Group given by congruence relation
Hi,
Beginner in Sage (I love it!) , I want to ask you this maybe naive question:
I have a group $G$ defined by $\lbrace M \in SL_2(Z) \ | \ M = I + kB \ mod(N) \rbrace $, where $I$ is the identity, $N$ a given positive integer, $B$ is a given fixed matrix verifying $B^2 = 0$ and $k$ (not fixed) any integer in { 0,1,2,....,N-1 }. I want to explore conjugacy classes/subgroups of this group $G$ for some specific $B$ and $N$. Is this subgroup finitely generated for some $N$? subgroups of finite index? etc... Do I have a way to do that with SageMath?
Remark that
It is subgroup of a finitely generated group butv that do not imply that it is finitely generated
$B^2 = 0$ gives that $I + kB = \Lambda^k \ with \ \Lambda = I + B$.

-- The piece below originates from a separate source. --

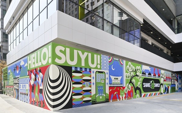 이번 쉐이크쉑 수유점은 국내와 해외에서 기하학적 패턴을 활용한 작품으로 인지도를 쌓고 있는 일러스트레이터 ‘권도희’와 협업해 호딩 아트(Hoarding Art, 공사장 주위의 임시 가림막에 그리는 작품)를 선보인다.
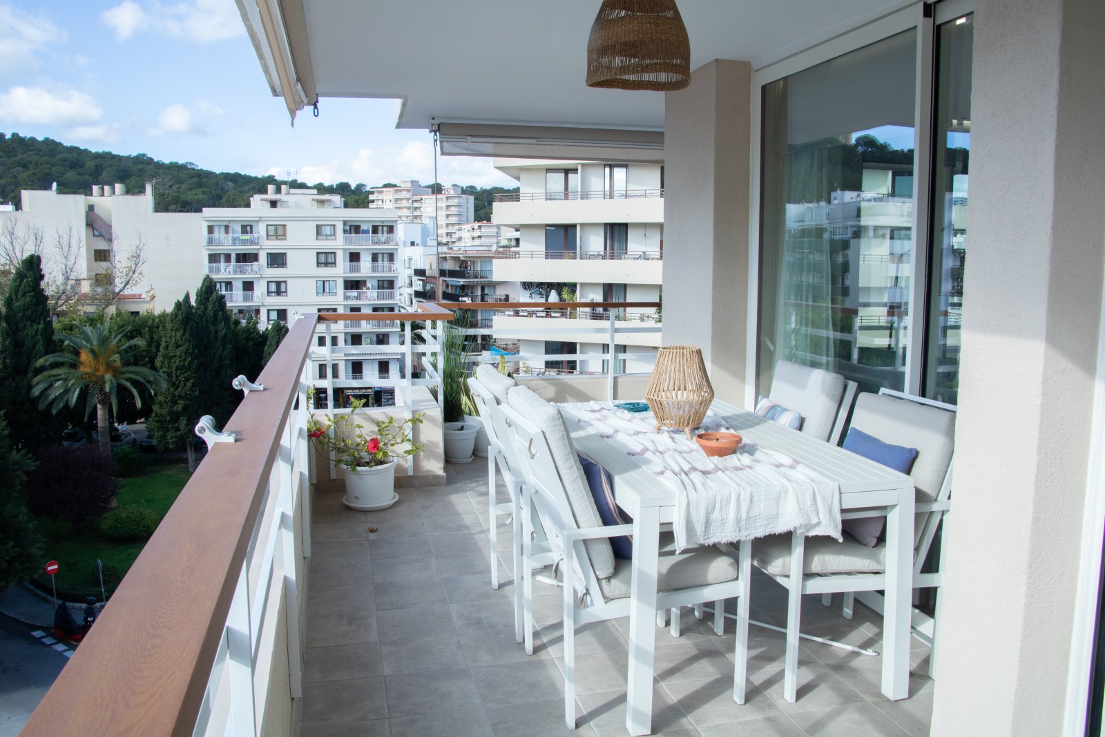Un punto a destacar es la combinación de estilo de vida urbano, tranquilidad y vistas: desde una terraza se puede disfrutar de vistas al histórico Castillo de Bellver, mientras que el dormitorio principal ofrece una vista impresionante de la famosa catedral de Palma.

An obvious subgroup is $ H = \lbrace \Lambda^k, \ k \in \mathbb Z \rbrace$
Any advise or web pointer would be appreciated
Thanks for your help
Why is it a group?
Hi,
Thanks for your interest in my question . Here is the argument
Essentially because $B^2 = 0$.
Just to be clear, saying that $A=B \ mod(N)$ means that $A - B = N \cdot X$ where $X$ is an integral matrix
1) $I \in G$, take k=0
2) Take $A = I + mB + N\cdot X, B = I + nB + N\cdot Y\in G$ , $X,Y$ being any integer coefficients matrices. Write the product and you will see that (because $B^2=0$) we have $A \cdot B = I + (m+n)\cdot B \ mod(N)$
3) For the inverse, you see easily that if $A = 1 + k \cdot B \mod(N)$ then $A^{-1} = 1 - k \cdot B \ mod(N)$
So k is not fixed, you should make it clearer in your question.
With this definition, it is the preimage of a subgroup under the reduction mod N:
SL(2,Z) -> SL(2,Z/NZ)
. Hence it is finite index inSL(2,Z)
and in particular finitely generated. It is also congruence as it contains Gamma(N).Yes sorry for that, you are right, fixed. Great thanks for this point of view, gives me a step further.